The Information Commissioner’s Office (ICO) bared its teeth at a company which operates CCTV systems in buildings across Sheffield.

On Monday 2 July 2018 Noble Design and Build of Telford was convicted at Telford Magistrates’ Court of breaking data protection laws and failing to comply with an Information Notice from the ICO. They had also committed a criminal offence by failing to register with the ICO.

They were fined £2000 for failing to comply with an Information Notice, plus a further £2500 for processing personal data electronically without having notified the ICO when required, (s17 of  Data Protection Act 1998), and ordered to pay prosecution costs and a victims’ surcharge; a total of over £5,000.

The prosecution was brought under the 1998 Act as, at the time of the commission of the offences, the Data Protection Act 2018 had not come into force.

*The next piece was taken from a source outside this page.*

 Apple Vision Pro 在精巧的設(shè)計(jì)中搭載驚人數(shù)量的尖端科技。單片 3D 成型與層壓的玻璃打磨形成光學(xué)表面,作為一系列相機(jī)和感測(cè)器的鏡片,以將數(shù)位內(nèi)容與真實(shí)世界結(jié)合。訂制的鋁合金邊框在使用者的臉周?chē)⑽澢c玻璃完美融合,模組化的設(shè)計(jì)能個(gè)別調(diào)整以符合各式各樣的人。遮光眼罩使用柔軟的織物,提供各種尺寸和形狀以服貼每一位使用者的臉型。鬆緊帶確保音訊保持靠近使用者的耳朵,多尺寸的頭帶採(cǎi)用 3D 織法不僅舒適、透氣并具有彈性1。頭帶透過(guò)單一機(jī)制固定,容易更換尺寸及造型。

The ICO is not there to try to catch out businesses. Their primary roles are to uphold information rights in the public interest and to promote openness by public bodies and data privacy for individuals. They will engage with businesses to try to help them meet their obligations, however where there are repeated and flagrant failings, they can take enforcement action.

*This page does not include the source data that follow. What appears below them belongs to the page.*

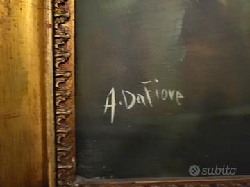 In vendita un affascinante e imponente dipinto a olio su tela degli anni '70, opera dell'artista A. Da Fiore. Il quadro raffigura un suggestivo paesaggio rurale classico con un antico casale, un ponte in pietra su un corso d'acqua e figure umane, il tutto incorniciato da una ricca e scenografica cornice dorata. Un pezzo d'arte di grande impatto visivo e di sicura provenienza. Dettagli dell'Opera Artista: Firmato in basso a sinistra "A. Da Fiore" (firma ben visibile anche nel dettaglio fotografico). Titolo dell'Opera: "Paesaggio" (come riportato sul certificato di garanzia originale sul retro). Tecnica: Dipinto originale ad olio su tela. Soggetto: Un paesaggio bucolico e dettagliato con architetture antiche, un fiume che scorre sotto un ponte ad arco, alberi maestosi, montagne sullo sfondo e piccole figure animate che aggiungono vita alla scena. Lo stile evoca la pittura di paesaggio classica italiana. Dimensioni: Formato Tela (come da certificato): 60x120 cm (un formato panoramico molto scenografico). Cornice: Splendida cornice d'epoca in legno dorato, riccamente lavorata con decorazioni floreali e volute in rilievo. È un elemento di pregio che valorizza notevolmente il dipinto. Condizioni e Provenienza Condizioni: Il dipinto su tela è in buone condizioni generali, con colori ancora vividi e brillanti. La cornice dorata presenta lievi e normali segni del tempo coerenti con l'età, che non ne pregiudicano l'estetica ma anzi ne attestano l'autenticità. Certificazione: Sul retro del quadro è presente il Certificato di Garanzia originale d'epoca, parzialmente usurato ma leggibile, che conferma il titolo, il formato, l'autore "A. Da Fiore" e la data di acquisto scritta a mano: ACQUISTATO DA Omissis 1974. Questo documento conferisce ulteriore valore e tracciabile.
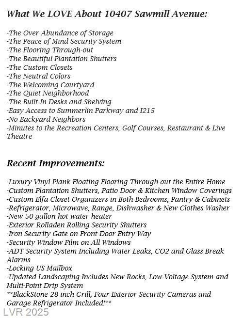 Listing courtesy of: Patricia E. LeBeau-Witty, Keller Williams MarketPlace Listing Agent Contact Information: (702) 493-6060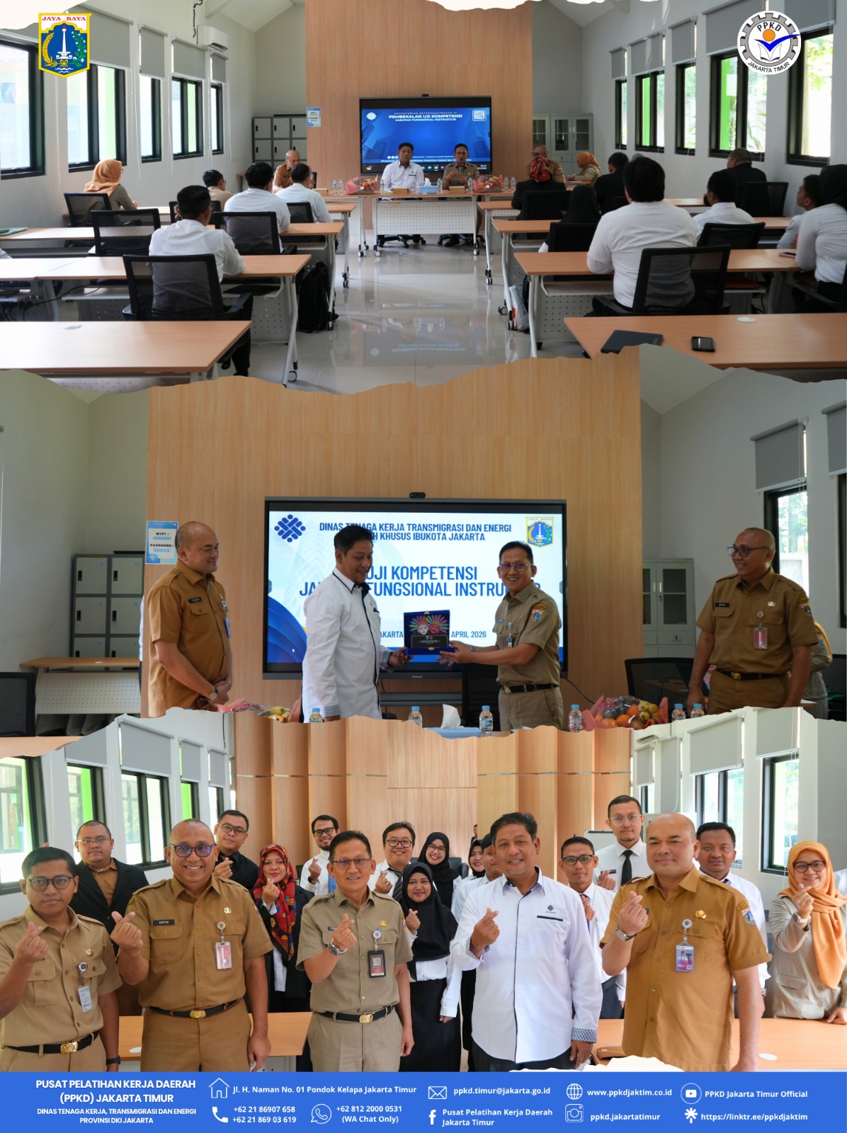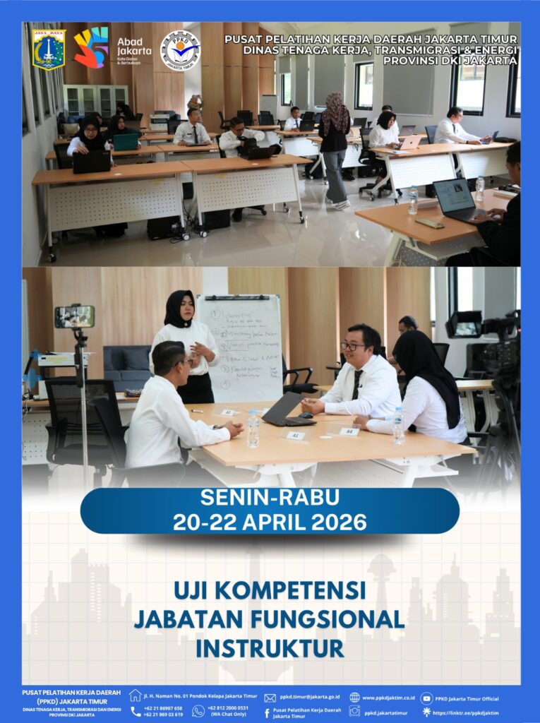 (24/04/2026) PPKD Jakarta Timur sukses memfasilitasi Pelaksanaan Uji Kompetensi Jabatan Fungsional Instruktur pada Instansi Pengguna yang berlangsung selama 3 hari mulai hari senin s.d rabu, tanggal 20 s.d 22 April 2026 bertempat di Gedung Pelatihan Disabilitas PPKD Jakarta Timur diikuti oleh 10 orang Instruktur di lingkungan Dinas Tenaga Kerja, Transmigrasi dan Energi Provinsi DKI Jakarta termasuk pegawai PPKD Jakarta Timur.

In September 2017, the ICO sent a letter to the Company to note that it had not put suitable signage in place to alert people to the presence of CCTV. It also reminded the company that it had not yet registered with the ICO and that it had a legal duty to do so.

Noble Design and Build failed to act in response to that letter and to a further letter a month later in October and an email on 25 January 2018.

The ICO then sent an Information Notice, under section 43 of the Data Protection Act 1998 to compel the Company to act. Noble Design and Build failed to act on the Information Notice. Failing to comply is a criminal offence, as was their failure to register.